- **Task prompt**
Give back the data exactly, with no images.

- **Data below**
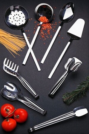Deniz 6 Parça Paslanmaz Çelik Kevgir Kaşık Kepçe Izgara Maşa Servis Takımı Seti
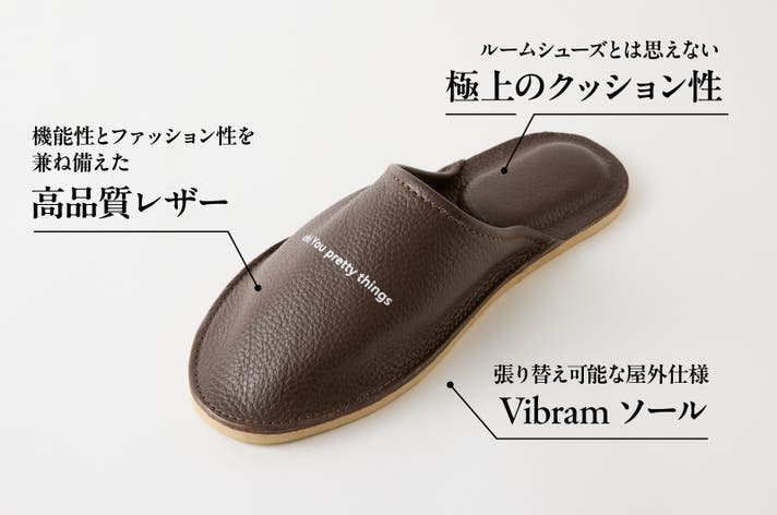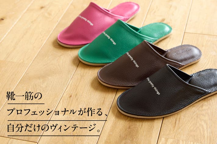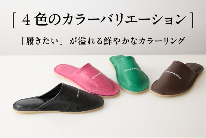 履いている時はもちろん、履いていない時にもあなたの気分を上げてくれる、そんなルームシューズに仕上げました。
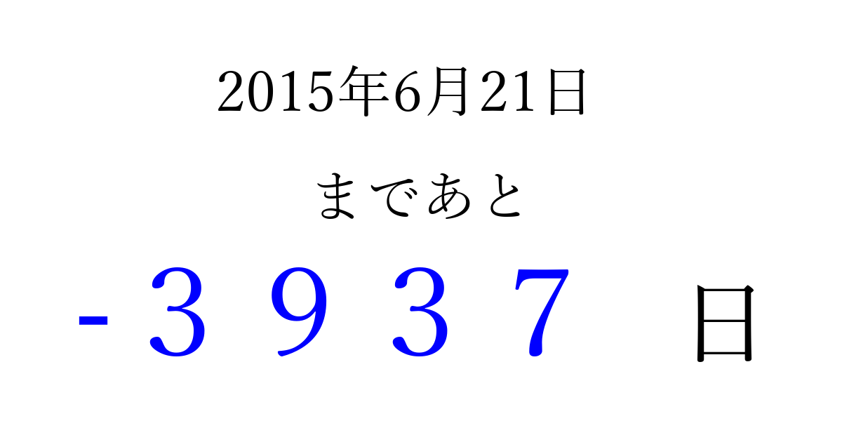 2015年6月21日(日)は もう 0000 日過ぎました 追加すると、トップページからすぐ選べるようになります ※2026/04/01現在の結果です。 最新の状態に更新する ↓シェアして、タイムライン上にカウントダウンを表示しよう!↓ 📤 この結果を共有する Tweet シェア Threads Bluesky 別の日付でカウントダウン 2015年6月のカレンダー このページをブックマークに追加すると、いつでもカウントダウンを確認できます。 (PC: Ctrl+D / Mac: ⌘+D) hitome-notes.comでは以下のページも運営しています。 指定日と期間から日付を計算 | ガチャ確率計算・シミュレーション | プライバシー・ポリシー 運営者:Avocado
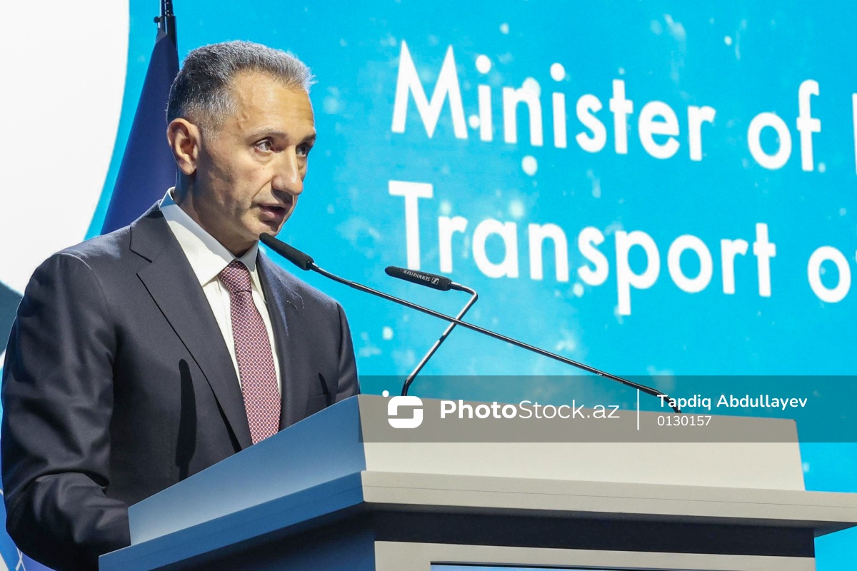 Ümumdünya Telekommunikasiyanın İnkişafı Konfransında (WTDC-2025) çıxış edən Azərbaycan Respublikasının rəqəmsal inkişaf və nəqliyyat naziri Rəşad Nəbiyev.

- **Answer for this exercise**
Deniz 6 Parça Paslanmaz Çelik Kevgir Kaşık Kepçe Izgara Maşa Servis Takımı Seti
 履いている時はもちろん、履いていない時にもあなたの気分を上げてくれる、そんなルームシューズに仕上げました。
 2015年6月21日(日)は もう 0000 日過ぎました 追加すると、トップページからすぐ選べるようになります ※2026/04/01現在の結果です。 最新の状態に更新する ↓シェアして、タイムライン上にカウントダウンを表示しよう!↓ 📤 この結果を共有する Tweet シェア Threads Bluesky 別の日付でカウントダウン 2015年6月のカレンダー このページをブックマークに追加すると、いつでもカウントダウンを確認できます。 (PC: Ctrl+D / Mac: ⌘+D) hitome-notes.comでは以下のページも運営しています。 指定日と期間から日付を計算 | ガチャ確率計算・シミュレーション | プライバシー・ポリシー 運営者:Avocado
 Ümumdünya Telekommunikasiyanın İnkişafı Konfransında (WTDC-2025) çıxış edən Azərbaycan Respublikasının rəqəmsal inkişaf və nəqliyyat naziri Rəşad Nəbiyev.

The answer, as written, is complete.